_TASK PROMPT:_
In the data that follows, find the line with "Upholstery in good"; transcribe it, every later line up to the one with "ত্রয়োদশ জাতীয় সংসদ", and that line as well, exactly and with no others.

(Extracted data entries)
* * * *

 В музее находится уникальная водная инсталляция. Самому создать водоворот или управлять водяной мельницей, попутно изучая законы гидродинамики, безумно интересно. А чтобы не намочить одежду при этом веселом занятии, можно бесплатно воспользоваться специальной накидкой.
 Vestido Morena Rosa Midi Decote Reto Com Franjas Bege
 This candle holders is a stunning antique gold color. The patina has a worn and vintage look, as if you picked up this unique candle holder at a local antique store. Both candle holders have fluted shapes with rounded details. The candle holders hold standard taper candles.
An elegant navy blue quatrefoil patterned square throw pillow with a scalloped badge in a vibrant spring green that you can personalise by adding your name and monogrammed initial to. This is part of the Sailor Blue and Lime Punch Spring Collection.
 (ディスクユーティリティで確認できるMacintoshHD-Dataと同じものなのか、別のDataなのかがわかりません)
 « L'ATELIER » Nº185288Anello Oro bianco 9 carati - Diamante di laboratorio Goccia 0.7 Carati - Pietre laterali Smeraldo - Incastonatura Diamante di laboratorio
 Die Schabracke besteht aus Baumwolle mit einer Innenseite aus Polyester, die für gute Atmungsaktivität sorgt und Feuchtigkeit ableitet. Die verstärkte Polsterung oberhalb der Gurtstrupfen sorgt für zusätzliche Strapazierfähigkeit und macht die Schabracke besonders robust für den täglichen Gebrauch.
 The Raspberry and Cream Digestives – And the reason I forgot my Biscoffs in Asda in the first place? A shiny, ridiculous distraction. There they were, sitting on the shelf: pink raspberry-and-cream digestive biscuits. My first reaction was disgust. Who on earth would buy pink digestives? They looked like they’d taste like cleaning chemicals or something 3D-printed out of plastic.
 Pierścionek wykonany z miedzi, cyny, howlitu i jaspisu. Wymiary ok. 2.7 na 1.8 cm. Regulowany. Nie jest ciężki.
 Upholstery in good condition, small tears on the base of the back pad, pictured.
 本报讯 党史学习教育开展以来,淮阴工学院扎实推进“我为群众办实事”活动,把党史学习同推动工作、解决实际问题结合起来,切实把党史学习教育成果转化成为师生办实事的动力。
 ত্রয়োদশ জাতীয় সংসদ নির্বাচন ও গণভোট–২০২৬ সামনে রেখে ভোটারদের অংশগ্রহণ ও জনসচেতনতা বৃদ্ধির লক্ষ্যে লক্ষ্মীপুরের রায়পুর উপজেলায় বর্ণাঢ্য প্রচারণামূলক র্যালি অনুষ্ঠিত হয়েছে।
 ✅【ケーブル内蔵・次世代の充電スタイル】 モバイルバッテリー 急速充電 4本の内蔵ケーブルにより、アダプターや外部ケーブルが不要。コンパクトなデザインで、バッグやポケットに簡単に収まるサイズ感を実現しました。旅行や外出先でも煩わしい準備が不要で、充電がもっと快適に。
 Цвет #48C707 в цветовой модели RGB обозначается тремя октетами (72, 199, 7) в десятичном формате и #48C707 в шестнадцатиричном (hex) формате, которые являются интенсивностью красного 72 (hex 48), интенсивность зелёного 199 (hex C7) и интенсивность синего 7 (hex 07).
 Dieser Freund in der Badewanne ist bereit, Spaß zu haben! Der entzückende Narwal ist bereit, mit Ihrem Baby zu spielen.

* * * *

_ANSWER:_
 Upholstery in good condition, small tears on the base of the back pad, pictured.
 本报讯 党史学习教育开展以来,淮阴工学院扎实推进“我为群众办实事”活动,把党史学习同推动工作、解决实际问题结合起来,切实把党史学习教育成果转化成为师生办实事的动力。
 ত্রয়োদশ জাতীয় সংসদ নির্বাচন ও গণভোট–২০২৬ সামনে রেখে ভোটারদের অংশগ্রহণ ও জনসচেতনতা বৃদ্ধির লক্ষ্যে লক্ষ্মীপুরের রায়পুর উপজেলায় বর্ণাঢ্য প্রচারণামূলক র্যালি অনুষ্ঠিত হয়েছে।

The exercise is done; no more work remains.